Work request
Skip the pictures and repeat each line of the data exactly.

Dataset extract
[Start of section]
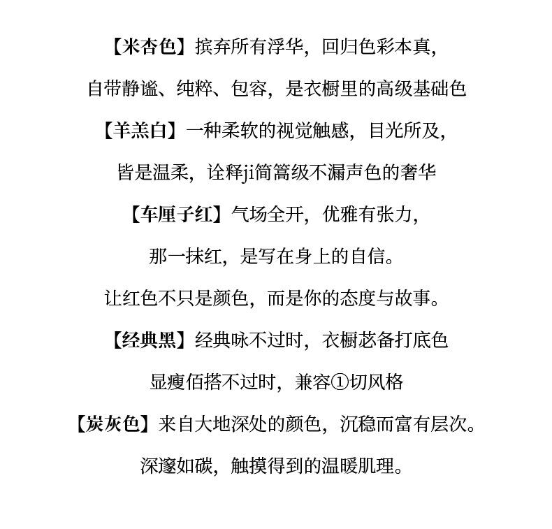 Rice apricot color, Lamb White, Cherry red, Classic black, charcoal gray
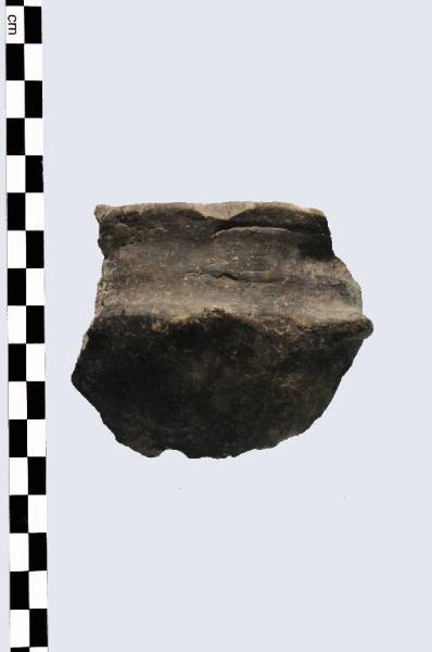 Frammento di orlo e parete, pertinente a tazzina careanta, prodotta in ceramica d'impasto grossolano, color bruno-grigio, avente orlo arrotondato, esoverso e parete concava nella parte inferiore e leggermente rientrante nella parte superiore. Presenta una bugna poco preminente all'altezza della carenatura.
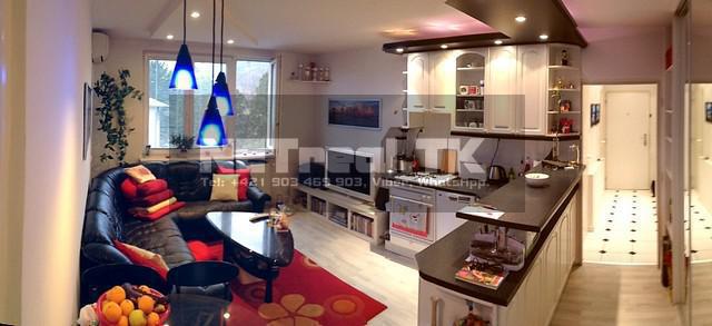 Priestranná obývačka v strede bytu je spojená s kuchyňou, je v nej miesto na kuchynský stôl, bielu kuchynskú linku a tiež prakticky využiteľný veľký ROLLDOR so zrkadlami, ktorý umocňuje príjemný dojem z bytu v jednom štýle a celistvosti premyslene zariadeného interiéru.
[End of section]
Exercise output
 Rice apricot color, Lamb White, Cherry red, Classic black, charcoal gray
 Frammento di orlo e parete, pertinente a tazzina careanta, prodotta in ceramica d'impasto grossolano, color bruno-grigio, avente orlo arrotondato, esoverso e parete concava nella parte inferiore e leggermente rientrante nella parte superiore. Presenta una bugna poco preminente all'altezza della carenatura.
 Priestranná obývačka v strede bytu je spojená s kuchyňou, je v nej miesto na kuchynský stôl, bielu kuchynskú linku a tiež prakticky využiteľný veľký ROLLDOR so zrkadlami, ktorý umocňuje príjemný dojem z bytu v jednom štýle a celistvosti premyslene zariadeného interiéru.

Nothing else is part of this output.